For context, keep in mind that in 1965, Lyndon Johnson’s Great Society was in full effect. Twentieth-century American liberalism was probably at its high-water mark. Belief in the power of good government to shape society for the better through rational planning was at its zenith. And yet Howe was presciently apprehensive. If the planned expansion of the welfare state were to fail — something he admitted was possible — there would be the problem of a lack of viable political outlets for those utopian energies. Lacking an inspired vision of where to go next, of how to genuinely improve things, political issues could devolve into little more than cyclical fashion.

Many post-utopian thinkers in the fifty years since then have reiterated Howe’s point. Life in the West, for all its obvious flaws, is still pretty good. There is no evidence of a widespread and growing appetite for revolutionary upheaval. And yet, there is still a fair amount of status granted to people willing to profess a fervent belief in a glorious political future. (Apparently even secular societies retain a soft spot for some form of holy fool.) There will almost certainly come a day when geopolitical currents will shift enough to break up the current logjam of domestic politics in our decadent consumer societies, but until then, there is little for would-be radicals to do except maintain a “distinct personal style” and settle for a “mode of personal differentiation.”

If Fukuyama’s “End of History” theory is at all useful in describing our current world, the canopy of grand political ideologies has been cleared away, leaving the narcissism of small differences free to flourish.
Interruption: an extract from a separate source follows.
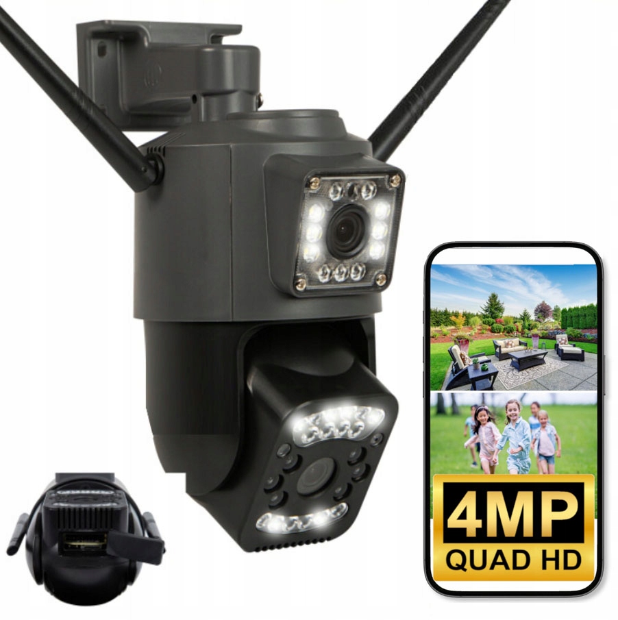 Подвійний 2in1 Камера ротаційний Wi -Fi IP 4MPX 2K Чорний моніторинг

To the barricades — to defend Christmas from a nonexistent army besieging it, to attack the latent reactionary forces assembling within parts of speech and sentence structure. When we’re all jaded consumers in a semi-liberal sorta-democracy, it suddenly matters deeply whether your politicians proudly wear flag lapel pins, whether you make it a point to choose books to read in accordance with racial and gender quotas, whether your neighbors wish you Merry Christmas or just Happy Holidays, or whether multinational corporations are open to the idea of hiring gay actors to star in their commercials.

In sum, virtue signaling is what happens when the identity reductionism of social media meets the withering of genuine political possibilities.